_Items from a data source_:
● ● ● ● ●

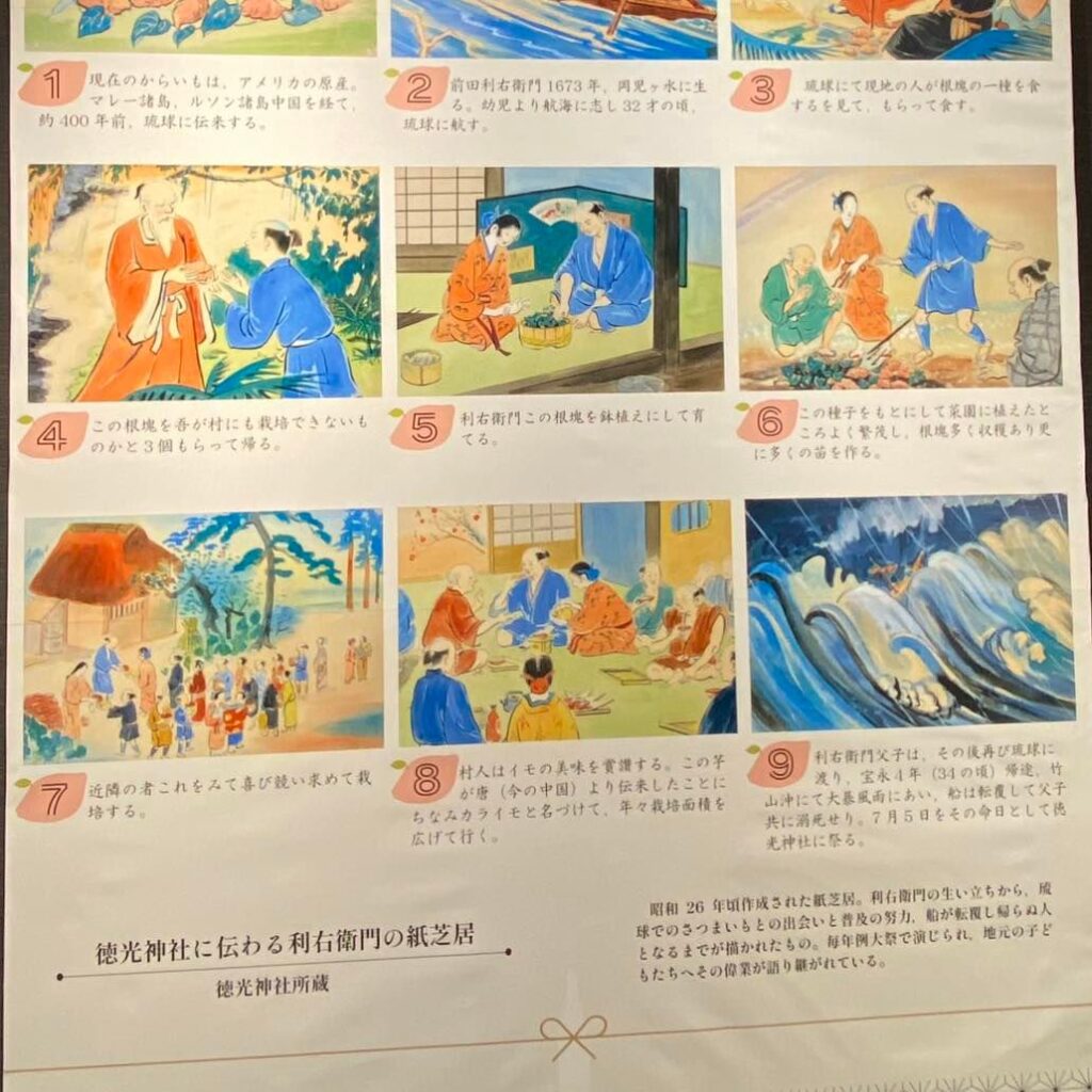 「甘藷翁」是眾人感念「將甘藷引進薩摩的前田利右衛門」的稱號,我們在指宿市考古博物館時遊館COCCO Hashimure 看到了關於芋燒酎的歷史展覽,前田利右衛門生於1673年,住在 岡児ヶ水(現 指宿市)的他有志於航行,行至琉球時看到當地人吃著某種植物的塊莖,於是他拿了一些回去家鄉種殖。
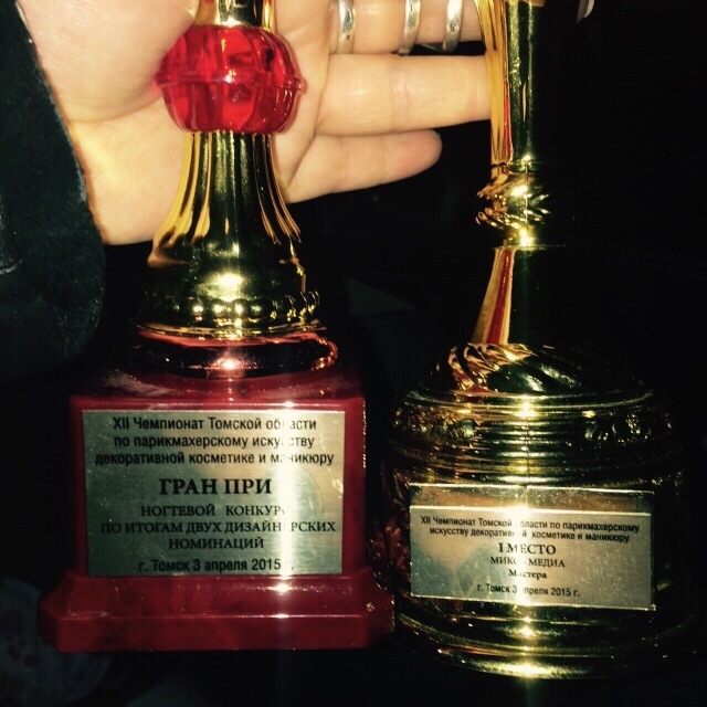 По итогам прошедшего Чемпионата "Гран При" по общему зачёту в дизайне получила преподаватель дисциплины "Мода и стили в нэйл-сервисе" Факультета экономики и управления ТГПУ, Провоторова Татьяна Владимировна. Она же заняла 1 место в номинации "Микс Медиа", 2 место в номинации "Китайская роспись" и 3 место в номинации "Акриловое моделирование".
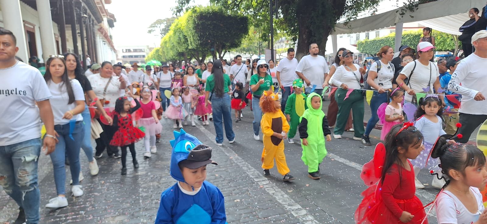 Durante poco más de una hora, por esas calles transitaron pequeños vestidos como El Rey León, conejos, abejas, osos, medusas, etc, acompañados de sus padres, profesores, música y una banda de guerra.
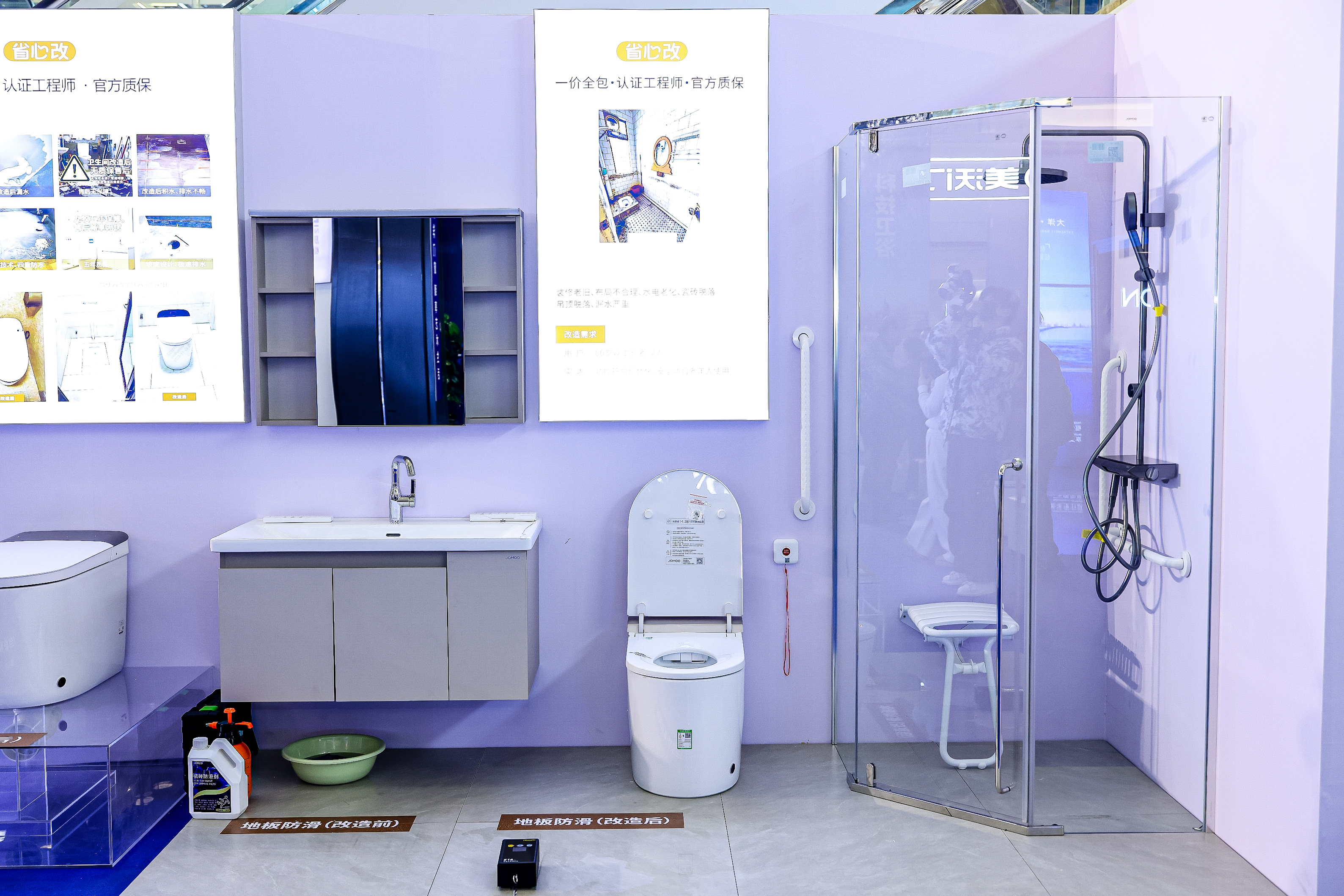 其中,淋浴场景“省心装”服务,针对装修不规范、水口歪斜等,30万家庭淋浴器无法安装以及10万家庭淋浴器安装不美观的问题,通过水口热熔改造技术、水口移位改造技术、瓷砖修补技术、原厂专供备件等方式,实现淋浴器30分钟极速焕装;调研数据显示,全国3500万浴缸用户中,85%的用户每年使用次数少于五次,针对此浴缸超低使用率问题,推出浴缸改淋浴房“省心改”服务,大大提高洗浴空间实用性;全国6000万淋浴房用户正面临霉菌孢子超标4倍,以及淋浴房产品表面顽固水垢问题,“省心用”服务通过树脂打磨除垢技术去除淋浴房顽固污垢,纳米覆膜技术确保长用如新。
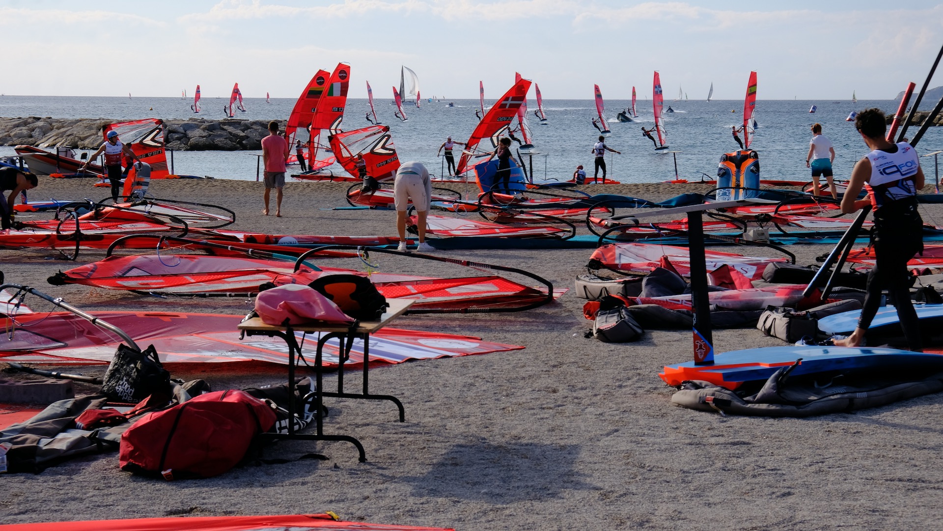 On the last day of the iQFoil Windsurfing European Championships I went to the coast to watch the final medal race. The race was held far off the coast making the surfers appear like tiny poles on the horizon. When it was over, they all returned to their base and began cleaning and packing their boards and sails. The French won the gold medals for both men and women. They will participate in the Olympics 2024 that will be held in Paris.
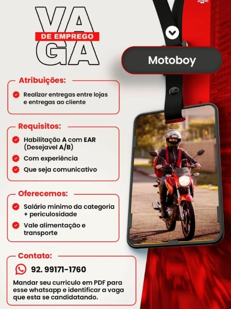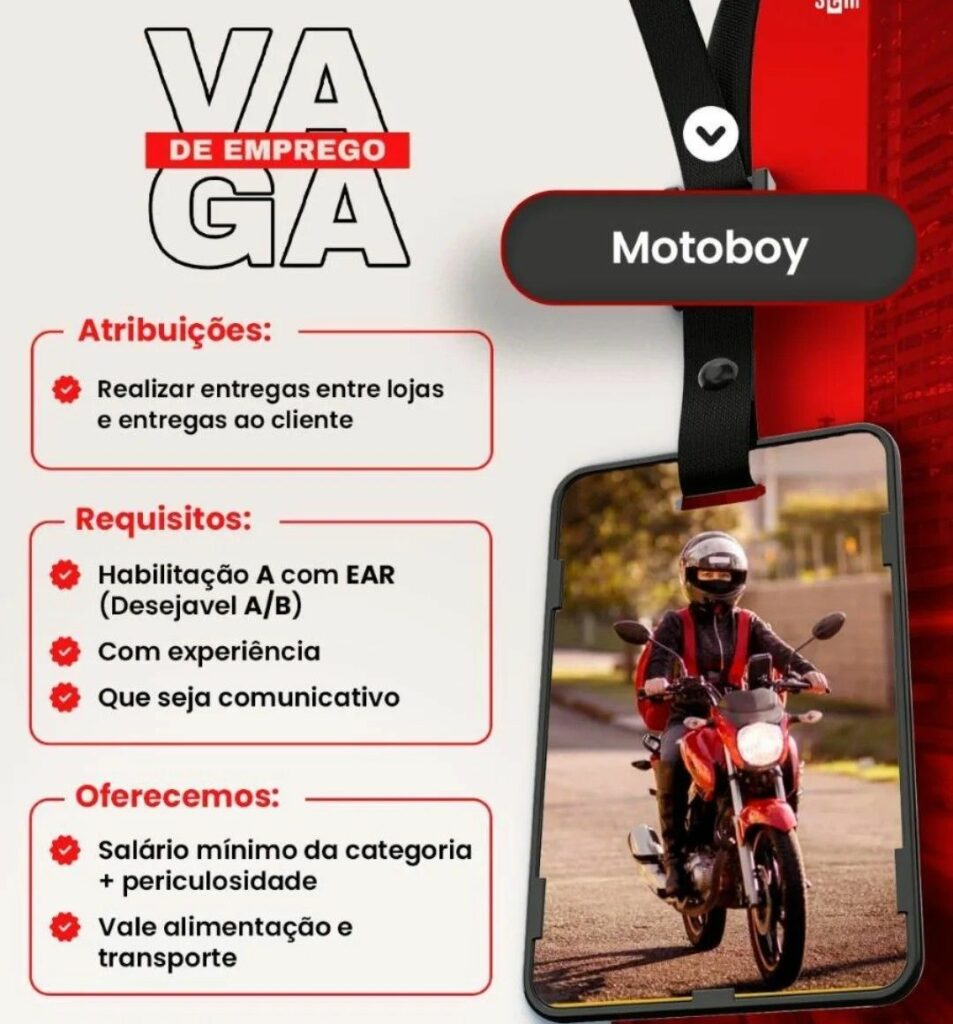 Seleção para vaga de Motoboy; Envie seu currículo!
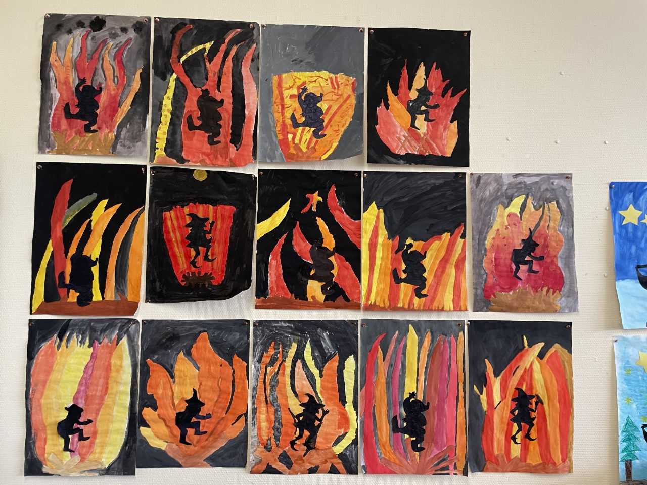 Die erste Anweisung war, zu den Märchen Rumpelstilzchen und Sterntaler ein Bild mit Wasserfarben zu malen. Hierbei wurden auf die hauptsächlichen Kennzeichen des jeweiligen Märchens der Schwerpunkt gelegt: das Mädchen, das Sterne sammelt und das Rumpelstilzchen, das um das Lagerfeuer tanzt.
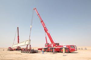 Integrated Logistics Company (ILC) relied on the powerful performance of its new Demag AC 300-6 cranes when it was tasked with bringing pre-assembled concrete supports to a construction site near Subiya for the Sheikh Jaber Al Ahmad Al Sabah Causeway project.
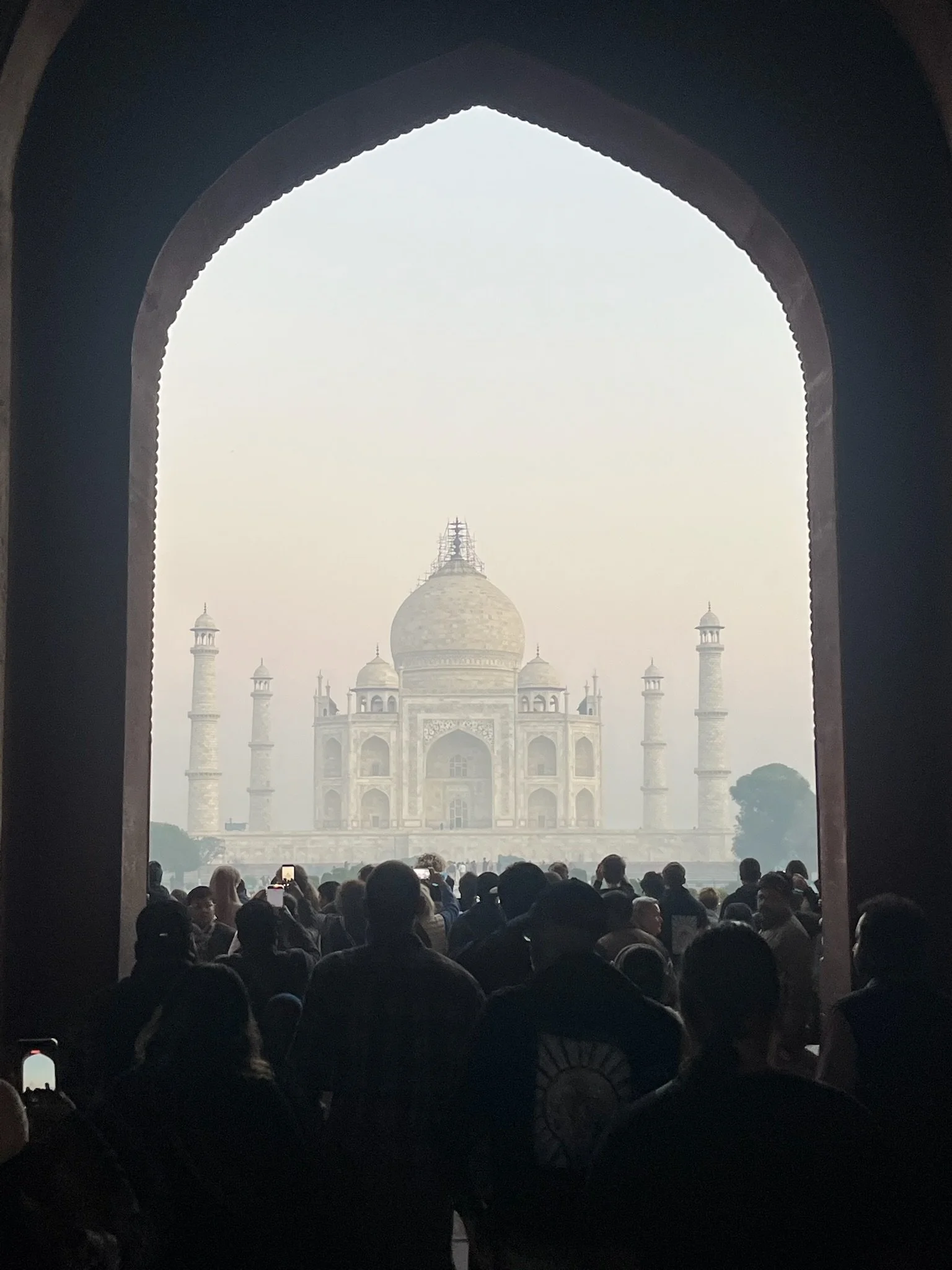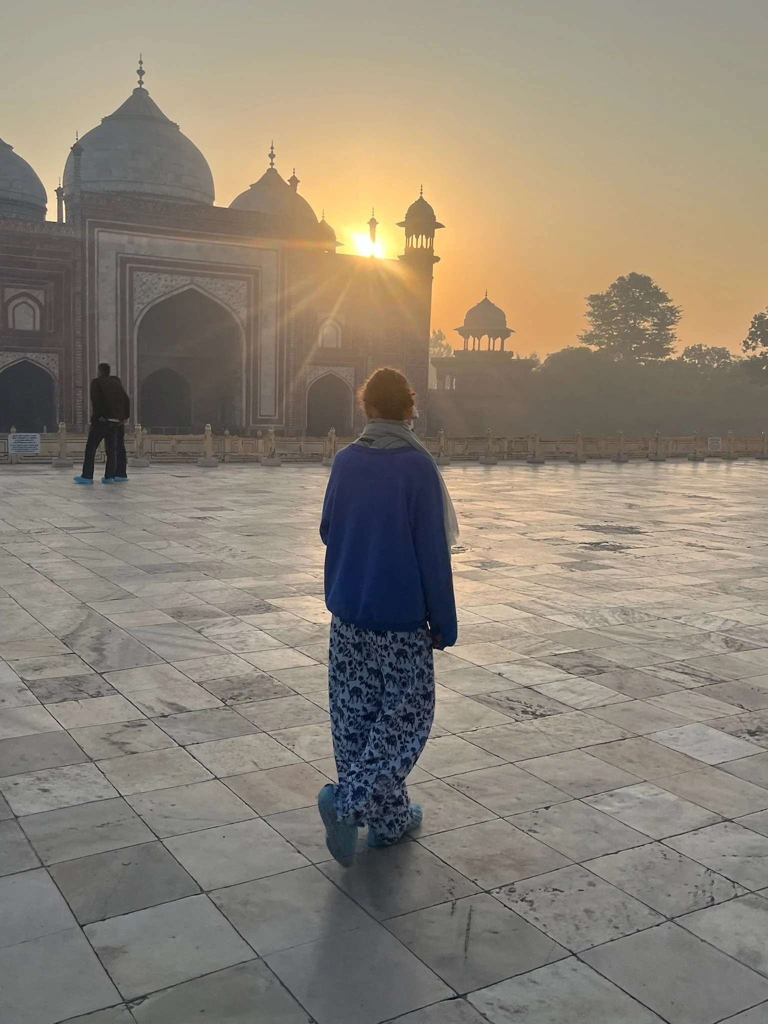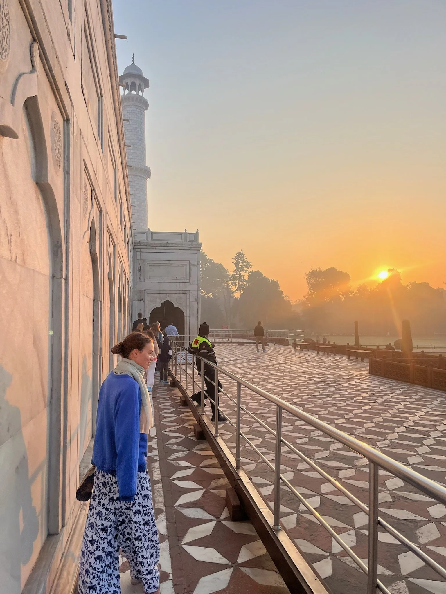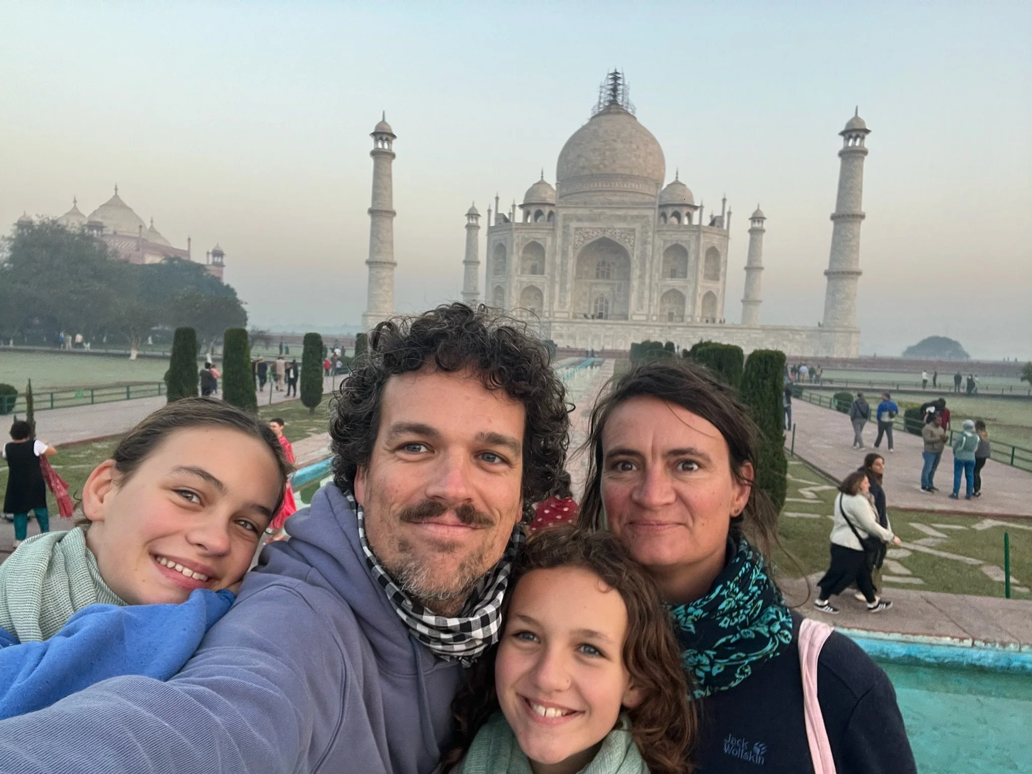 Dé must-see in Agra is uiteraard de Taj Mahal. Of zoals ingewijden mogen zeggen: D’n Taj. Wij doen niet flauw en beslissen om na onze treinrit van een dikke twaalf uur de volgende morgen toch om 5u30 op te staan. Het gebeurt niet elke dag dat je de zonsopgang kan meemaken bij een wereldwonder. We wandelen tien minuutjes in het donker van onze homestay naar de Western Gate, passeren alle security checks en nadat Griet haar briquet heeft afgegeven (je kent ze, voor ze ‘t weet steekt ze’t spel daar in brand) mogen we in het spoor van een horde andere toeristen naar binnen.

● ● ● ● ●

_What the task requires_:
Pictures aside, give the data again exactly as it appears.

_Solution to the problem_:
 「甘藷翁」是眾人感念「將甘藷引進薩摩的前田利右衛門」的稱號,我們在指宿市考古博物館時遊館COCCO Hashimure 看到了關於芋燒酎的歷史展覽,前田利右衛門生於1673年,住在 岡児ヶ水(現 指宿市)的他有志於航行,行至琉球時看到當地人吃著某種植物的塊莖,於是他拿了一些回去家鄉種殖。
 По итогам прошедшего Чемпионата "Гран При" по общему зачёту в дизайне получила преподаватель дисциплины "Мода и стили в нэйл-сервисе" Факультета экономики и управления ТГПУ, Провоторова Татьяна Владимировна. Она же заняла 1 место в номинации "Микс Медиа", 2 место в номинации "Китайская роспись" и 3 место в номинации "Акриловое моделирование".
 Durante poco más de una hora, por esas calles transitaron pequeños vestidos como El Rey León, conejos, abejas, osos, medusas, etc, acompañados de sus padres, profesores, música y una banda de guerra.
 其中,淋浴场景“省心装”服务,针对装修不规范、水口歪斜等,30万家庭淋浴器无法安装以及10万家庭淋浴器安装不美观的问题,通过水口热熔改造技术、水口移位改造技术、瓷砖修补技术、原厂专供备件等方式,实现淋浴器30分钟极速焕装;调研数据显示,全国3500万浴缸用户中,85%的用户每年使用次数少于五次,针对此浴缸超低使用率问题,推出浴缸改淋浴房“省心改”服务,大大提高洗浴空间实用性;全国6000万淋浴房用户正面临霉菌孢子超标4倍,以及淋浴房产品表面顽固水垢问题,“省心用”服务通过树脂打磨除垢技术去除淋浴房顽固污垢,纳米覆膜技术确保长用如新。
 On the last day of the iQFoil Windsurfing European Championships I went to the coast to watch the final medal race. The race was held far off the coast making the surfers appear like tiny poles on the horizon. When it was over, they all returned to their base and began cleaning and packing their boards and sails. The French won the gold medals for both men and women. They will participate in the Olympics 2024 that will be held in Paris.
 Seleção para vaga de Motoboy; Envie seu currículo!
 Die erste Anweisung war, zu den Märchen Rumpelstilzchen und Sterntaler ein Bild mit Wasserfarben zu malen. Hierbei wurden auf die hauptsächlichen Kennzeichen des jeweiligen Märchens der Schwerpunkt gelegt: das Mädchen, das Sterne sammelt und das Rumpelstilzchen, das um das Lagerfeuer tanzt.
 Integrated Logistics Company (ILC) relied on the powerful performance of its new Demag AC 300-6 cranes when it was tasked with bringing pre-assembled concrete supports to a construction site near Subiya for the Sheikh Jaber Al Ahmad Al Sabah Causeway project.
 Dé must-see in Agra is uiteraard de Taj Mahal. Of zoals ingewijden mogen zeggen: D’n Taj. Wij doen niet flauw en beslissen om na onze treinrit van een dikke twaalf uur de volgende morgen toch om 5u30 op te staan. Het gebeurt niet elke dag dat je de zonsopgang kan meemaken bij een wereldwonder. We wandelen tien minuutjes in het donker van onze homestay naar de Western Gate, passeren alle security checks en nadat Griet haar briquet heeft afgegeven (je kent ze, voor ze ‘t weet steekt ze’t spel daar in brand) mogen we in het spoor van een horde andere toeristen naar binnen.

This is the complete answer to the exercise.